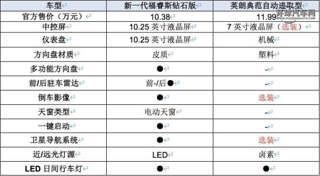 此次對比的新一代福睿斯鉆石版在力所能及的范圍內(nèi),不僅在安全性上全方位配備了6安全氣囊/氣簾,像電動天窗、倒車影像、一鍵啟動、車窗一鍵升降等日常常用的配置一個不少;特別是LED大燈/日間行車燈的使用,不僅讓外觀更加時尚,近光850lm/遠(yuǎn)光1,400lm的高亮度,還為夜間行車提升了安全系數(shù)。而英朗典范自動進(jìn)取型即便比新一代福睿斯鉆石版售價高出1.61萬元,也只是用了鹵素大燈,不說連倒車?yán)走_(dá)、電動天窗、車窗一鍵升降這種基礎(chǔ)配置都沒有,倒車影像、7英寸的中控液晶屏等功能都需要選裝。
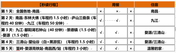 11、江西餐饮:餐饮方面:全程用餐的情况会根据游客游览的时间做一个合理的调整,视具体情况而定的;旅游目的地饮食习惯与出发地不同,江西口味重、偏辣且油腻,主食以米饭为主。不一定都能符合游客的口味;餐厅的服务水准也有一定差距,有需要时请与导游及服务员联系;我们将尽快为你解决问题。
---
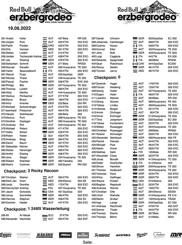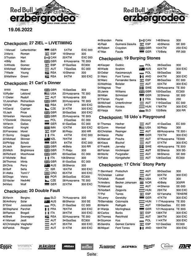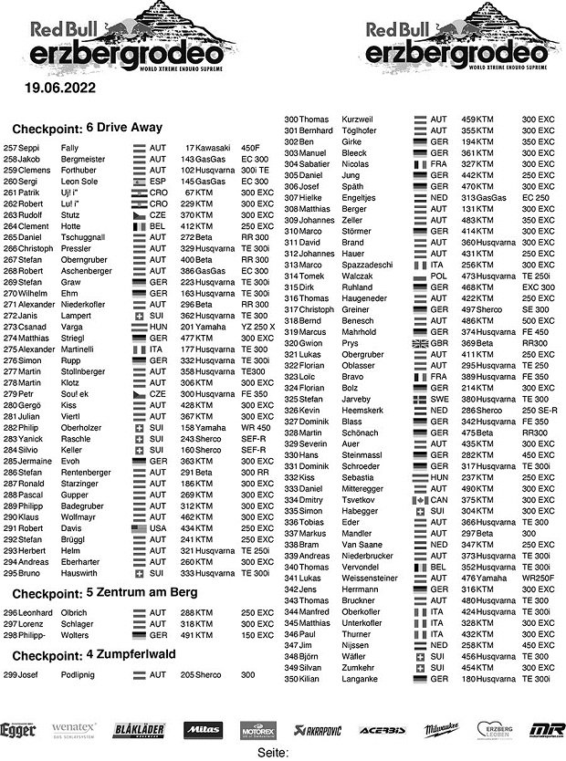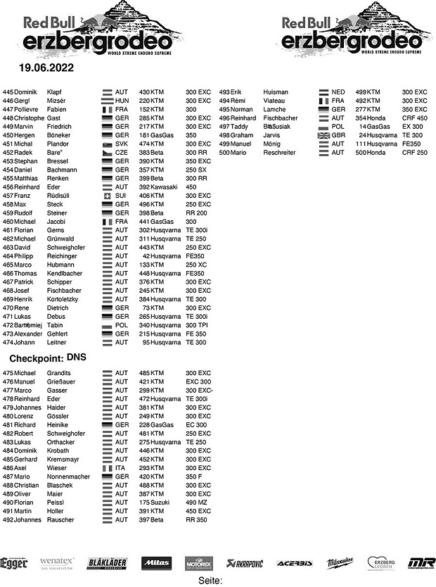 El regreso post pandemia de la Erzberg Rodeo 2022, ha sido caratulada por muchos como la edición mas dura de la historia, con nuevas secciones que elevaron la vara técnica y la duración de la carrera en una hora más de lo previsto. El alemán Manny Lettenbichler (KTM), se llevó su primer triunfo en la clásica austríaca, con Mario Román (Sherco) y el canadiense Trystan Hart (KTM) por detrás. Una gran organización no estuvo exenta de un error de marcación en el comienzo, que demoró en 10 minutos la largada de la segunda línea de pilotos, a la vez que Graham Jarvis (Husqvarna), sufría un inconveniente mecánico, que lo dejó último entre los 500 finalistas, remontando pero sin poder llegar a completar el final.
---
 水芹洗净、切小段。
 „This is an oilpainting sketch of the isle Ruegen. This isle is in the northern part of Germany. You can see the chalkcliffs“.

What the task asks -> Word for word, write out the lines above running from the one with "此次對比的新一代福睿斯鉆石版" up to and including the one with "11、江西餐饮:餐饮方面:全". Drop any picture.

Output ->
 此次對比的新一代福睿斯鉆石版在力所能及的范圍內(nèi),不僅在安全性上全方位配備了6安全氣囊/氣簾,像電動天窗、倒車影像、一鍵啟動、車窗一鍵升降等日常常用的配置一個不少;特別是LED大燈/日間行車燈的使用,不僅讓外觀更加時尚,近光850lm/遠(yuǎn)光1,400lm的高亮度,還為夜間行車提升了安全系數(shù)。而英朗典范自動進(jìn)取型即便比新一代福睿斯鉆石版售價高出1.61萬元,也只是用了鹵素大燈,不說連倒車?yán)走_(dá)、電動天窗、車窗一鍵升降這種基礎(chǔ)配置都沒有,倒車影像、7英寸的中控液晶屏等功能都需要選裝。
 11、江西餐饮:餐饮方面:全程用餐的情况会根据游客游览的时间做一个合理的调整,视具体情况而定的;旅游目的地饮食习惯与出发地不同,江西口味重、偏辣且油腻,主食以米饭为主。不一定都能符合游客的口味;餐厅的服务水准也有一定差距,有需要时请与导游及服务员联系;我们将尽快为你解决问题。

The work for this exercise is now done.